**Task requirements:** Would you restate the listing word for word, with the images omitted?

START Available data

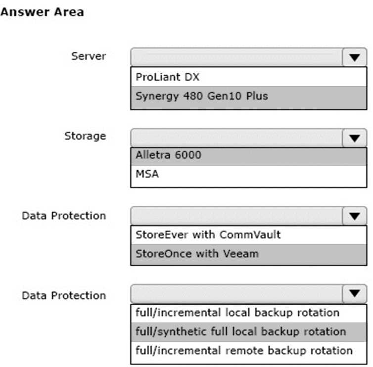 HOTSPOT Your customer has asked you to design a new platform to support their existing VMware cluster. The current environment runs their business applications along with several customer facing applications that are critical to the business. The current platform is two aged C7000 blade chassis with 16 blades in total connected via Fibre Channel to an HPE 3PAR storage array with 230TB of usable capacity. They are using Micro Focus Data Protector and tape for backup. They are looking to upgrade the environment and improve their recovery times while reducing the management overhead. Which server, storage, and data protection strategy meet all the customer requirements? HP HPE0 V27 question
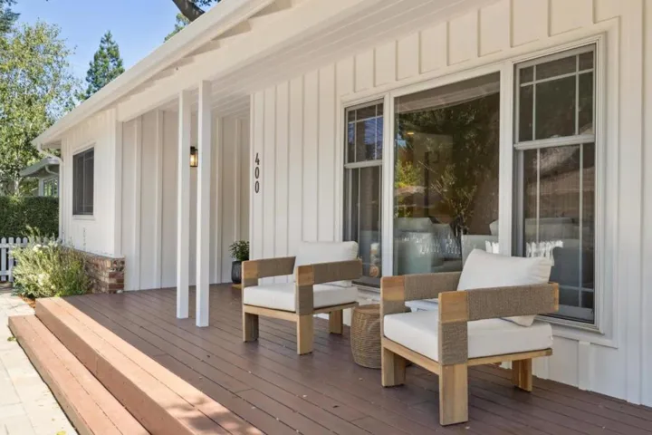 Situated on a desirable corner lot in Menlo Park’s coveted Menlo Oaks neighborhood, this extensively updated residence blends modern style, everyday comfort and Silicon Valley convenience. A welcoming front porch leads to a light-filled living room with a cozy fireplace and expansive picture windows, while the adjacent dining area provides a seamless flow for both intimate dinners and larger gatherings. At the heart of the home, the remodeled kitchen-family great room is ideal for entertaining and daily living, featuring quartz countertops, a large center island with seating and top-tier stainless appliances including a Wolf cooktop, Bosch ovens and dishwasher, and a Samsung French-door refrigerator. The primary suite offers dual walk-in closets and a refreshed bath with dual sinks and a spacious shower. Two additional bedrooms share a remodeled hall bath, and a dedicated home office creates the perfect remote work setting. Outdoors, multiple al fresco dining and lounge areas unfold beneath a charming pergola amid mature landscaping. Energy-efficient features include solar power, 240V EV charger, tankless water heater and Andersen dual-pane windows. Close to top Menlo Park schools, Stanford, downtown Palo Alto, Meta and Hwy 101, this home offers modern living in a prime location.
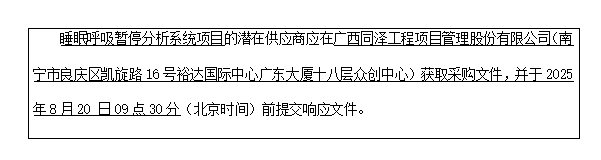 6.采購需求:睡眠呼吸暫停分析系統項目1項。具體內容詳見本競爭性磋商文件。
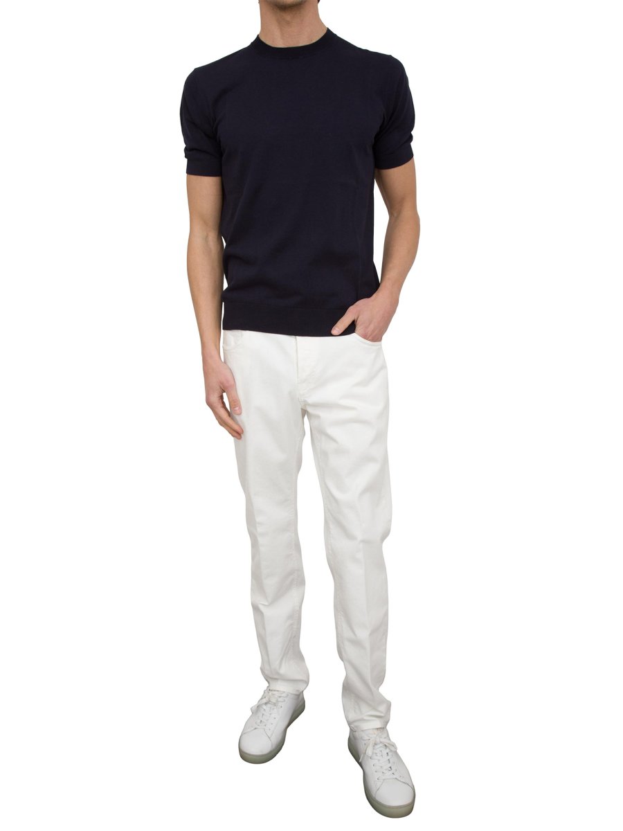 Подчеркните свой стиль с помощью свитера с круглым вырезом из чистого хлопка экстратонкой выделки. Изделие с трикотажной отделкой обеспечивает безупречный комфорт и идеально сидит по фигуре. Универсальный и неподвластный времени, он является неотъемлемым элементом элегантного образа.

END Available data

**Task result:**
 HOTSPOT Your customer has asked you to design a new platform to support their existing VMware cluster. The current environment runs their business applications along with several customer facing applications that are critical to the business. The current platform is two aged C7000 blade chassis with 16 blades in total connected via Fibre Channel to an HPE 3PAR storage array with 230TB of usable capacity. They are using Micro Focus Data Protector and tape for backup. They are looking to upgrade the environment and improve their recovery times while reducing the management overhead. Which server, storage, and data protection strategy meet all the customer requirements? HP HPE0 V27 question
 Situated on a desirable corner lot in Menlo Park’s coveted Menlo Oaks neighborhood, this extensively updated residence blends modern style, everyday comfort and Silicon Valley convenience. A welcoming front porch leads to a light-filled living room with a cozy fireplace and expansive picture windows, while the adjacent dining area provides a seamless flow for both intimate dinners and larger gatherings. At the heart of the home, the remodeled kitchen-family great room is ideal for entertaining and daily living, featuring quartz countertops, a large center island with seating and top-tier stainless appliances including a Wolf cooktop, Bosch ovens and dishwasher, and a Samsung French-door refrigerator. The primary suite offers dual walk-in closets and a refreshed bath with dual sinks and a spacious shower. Two additional bedrooms share a remodeled hall bath, and a dedicated home office creates the perfect remote work setting. Outdoors, multiple al fresco dining and lounge areas unfold beneath a charming pergola amid mature landscaping. Energy-efficient features include solar power, 240V EV charger, tankless water heater and Andersen dual-pane windows. Close to top Menlo Park schools, Stanford, downtown Palo Alto, Meta and Hwy 101, this home offers modern living in a prime location.
 6.采購需求:睡眠呼吸暫停分析系統項目1項。具體內容詳見本競爭性磋商文件。
 Подчеркните свой стиль с помощью свитера с круглым вырезом из чистого хлопка экстратонкой выделки. Изделие с трикотажной отделкой обеспечивает безупречный комфорт и идеально сидит по фигуре. Универсальный и неподвластный времени, он является неотъемлемым элементом элегантного образа.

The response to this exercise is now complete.